Planes, Trains and Similar Things



I have a lifelong fascination, almost an obsession, with planes and trains. When I was six year’s old, my parents would take me to Muscogee County Airport in Columbus to watch the DC-3’s come and go. Admission to the observation deck was a dime. From there we had a catbird seat over the ramp area where all the action took place. I knew the schedules for Delta, Eastern, and Southern Airways by heart, so I always knew the best times to start searching the skies for an incoming plane. My dad would put a nickel in the telescope so we could get a glimpse of incoming aircraft long before anyone else knew one was about to land. Watching and listening to a big ole DC-3’s engines as they taxied to the ramp right below us was about as good as it could get.
When I was 8-10 years old, my Grandpa and I used to sit for hours on a baggage cart at the Toccoa, Georgia train station so I could watch the trains come and go. It was thrilling to see that flashing headlight get closer and closer until the Southern roared by only a few feet away. The sights, sounds, and smells of DC-3’s and big locomotives will forever be a cherished memory for me. I’m just weird that way.
When my job took me to Denver, I started riding my bicycle to Stapleton Airport on Sundays where I could sit alongside the runway, outside of the security fence and watch the commercial jets land and take off. I would sit there for hours, baking in the sun, choking on kerosene fumes just to see the big jets come and go. Only when there was an unbearable lull in the action did I cycle back home.

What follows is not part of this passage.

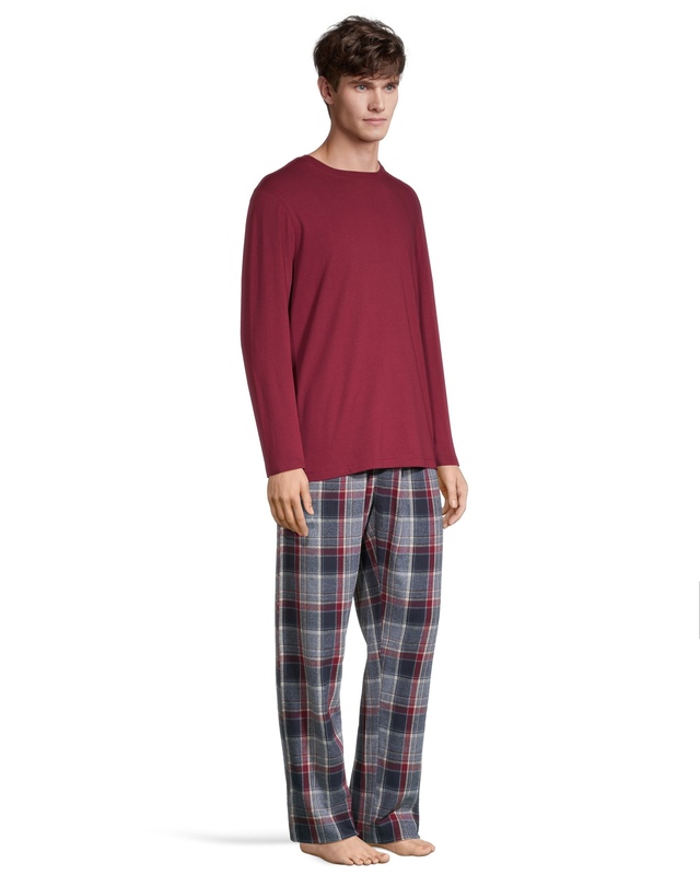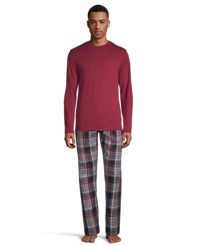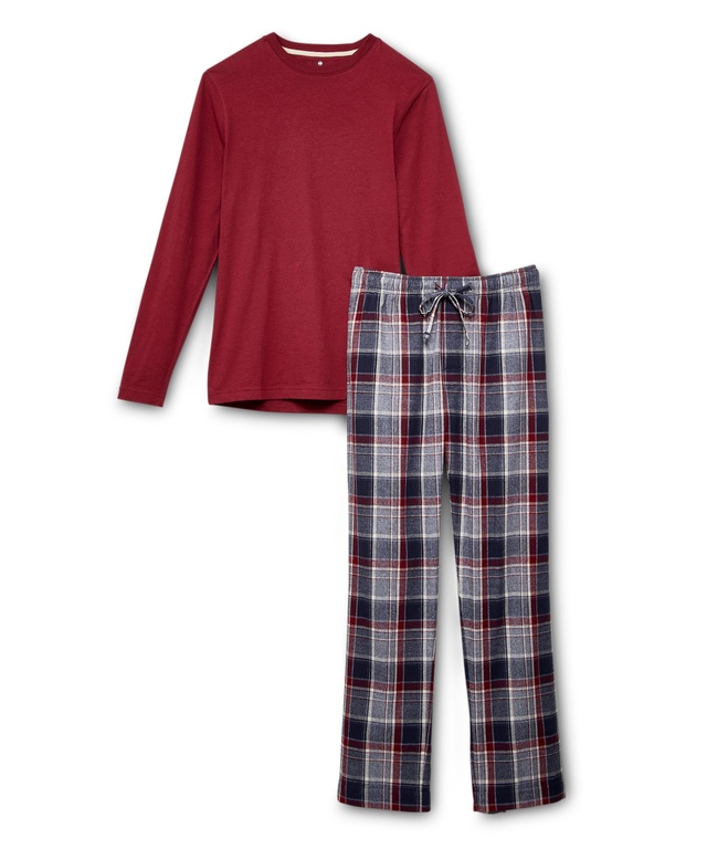 From our WindRiver Heritage Collection, this pajama set is perfect for lounging around at home in the cooler months. A classic tee-style top is coupled with cozy plaid flannel pants with an easy pull-on elastic waist.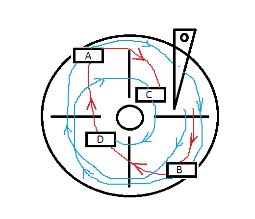 In the picture I tried to show what the elevator principle is. The computer asked the hard drive to read (or write) A, B, C and D blocks on the disk. Without any Command Queueing feature, the hard drive would take two and a half rotations of the disk to read all requested data (blue line). With Command Queuing, the hard drive will reorder the commands to B, D, A and C, taking only one rotation to read all requested data (red line).

Now I have a townhouse overlooking the Stone Mountain Trail in downtown Decatur. My favorite room in the house is my second story balcony where I can see all the walkers and cyclists going by. Trail watching has taken the place of train and plane watching. My balcony is the observation deck in Columbus; the baggage cart in Toccoa, and the bench outside of the Denver airport. I obviously don’t care whether it’s planes, trains, or people going by as long as something’s going by. I’m just an action voyeur! I now know every person and their dog that go by; often engaging one or the other in conversation from my second story perch.

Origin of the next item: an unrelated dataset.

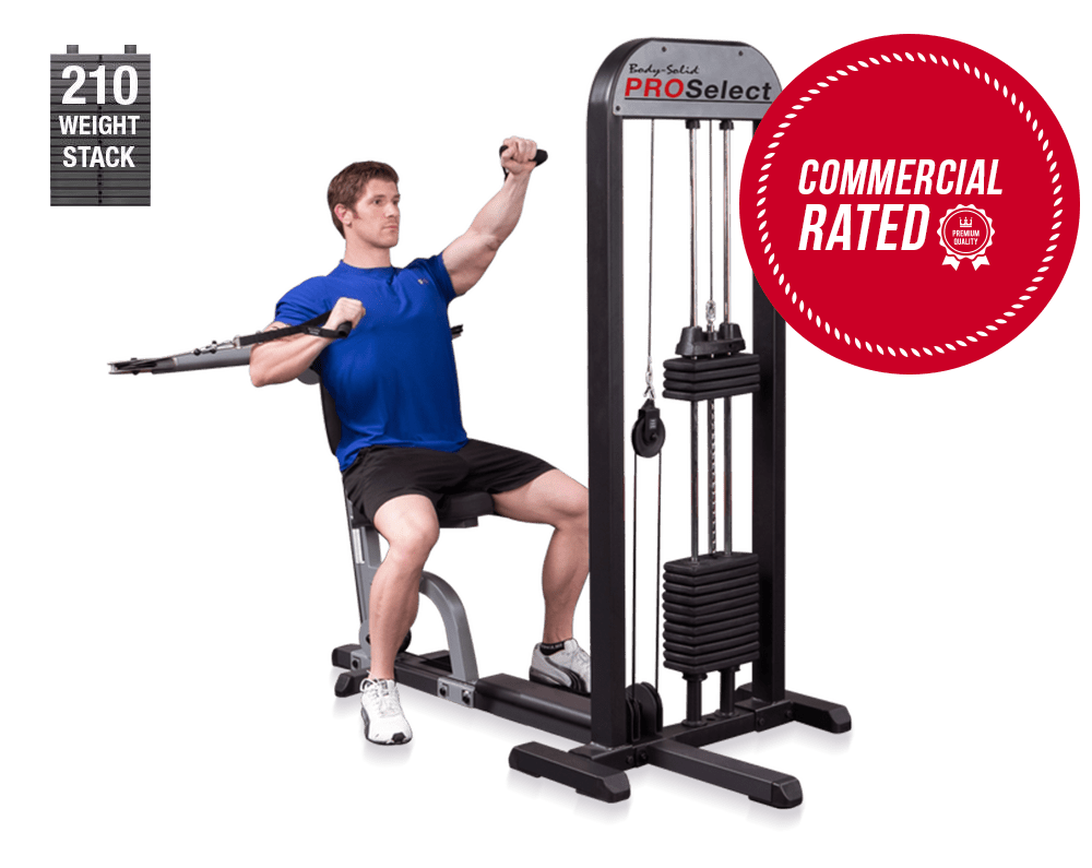 The Body Solid GMFP-STK Pro-Select Multi Press is the most versatile selectorized piece in the Body-Solid line. With built in functional training arms, the GMFP-STK allows for vertical chest presses, incline and decline presses from a multi-adjustable seated position. Then move to the opposite side and perform standing shoulder presses. Outftted with 180 degree rotating pulleys, this multi press unit can accommodate a swiss ball for stability exercises. This uniquely designed piece is perfect for any home and light commercial application.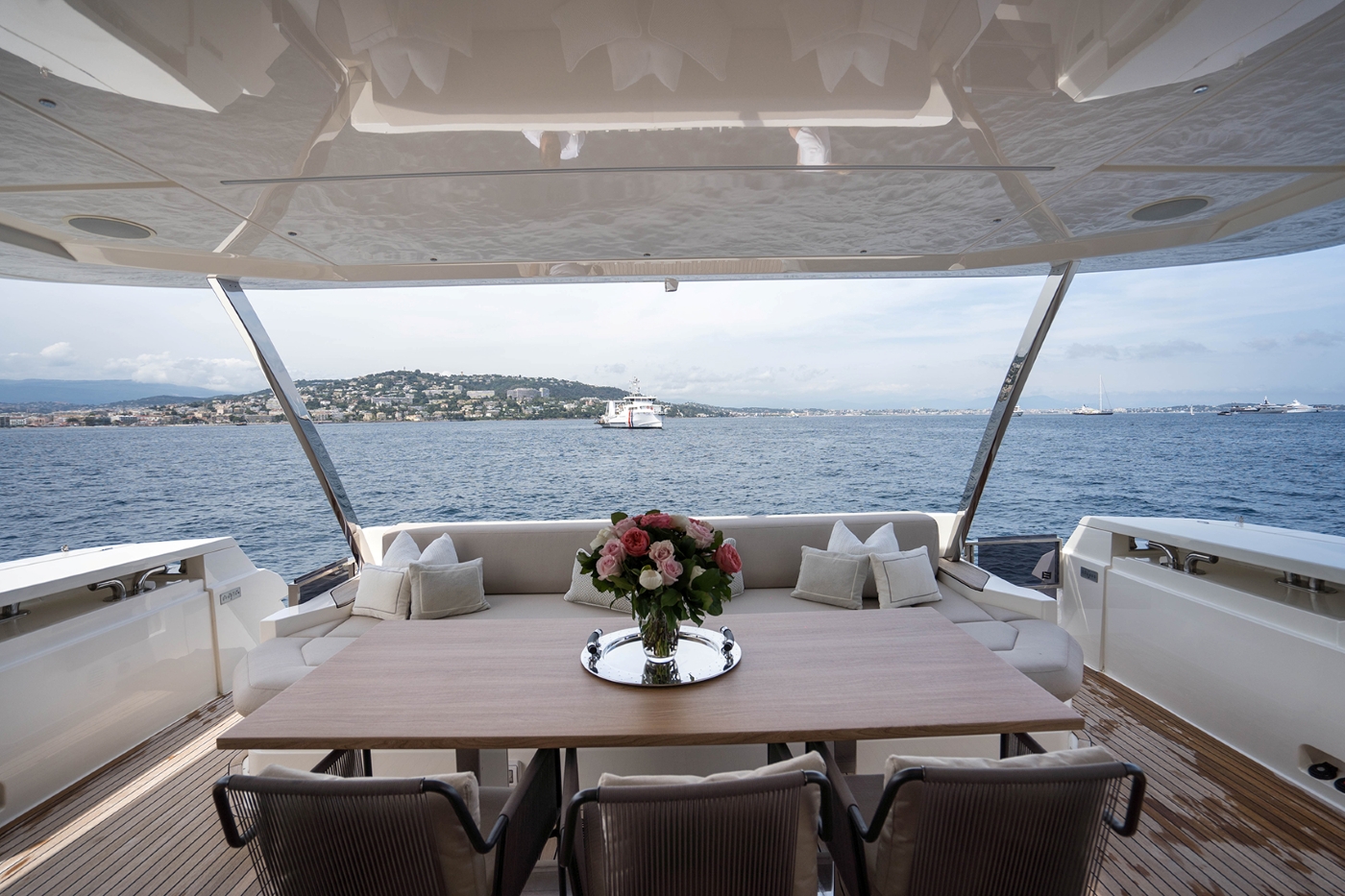 The main deck aft has a deep sofa-sunbed lining the stern along with a raised table and additional chairs for alfresco dining in comfort.

I’m obviously not alone in my love of observing things going by. We recently opened the South Peachtree Creek Trail around the Clairmont Place Retirement Home. The Director told me at the grand opening, she had had several requests for benches along their parking lot, facing away from the building but facing the trail so residents could watch the stream of bicycles, joggers, and dog walkers on the trail. Our trail has become the active transportation entertainment venue for people like me who enjoy watching what goes by.
Sure, DC-3’s and locomotives make more noise and create more commotion when they come on the scene, but trail watching is really special too. People wave, dogs wag, and every now and then a hottie goes by. Trail watching just may be the best watching of all.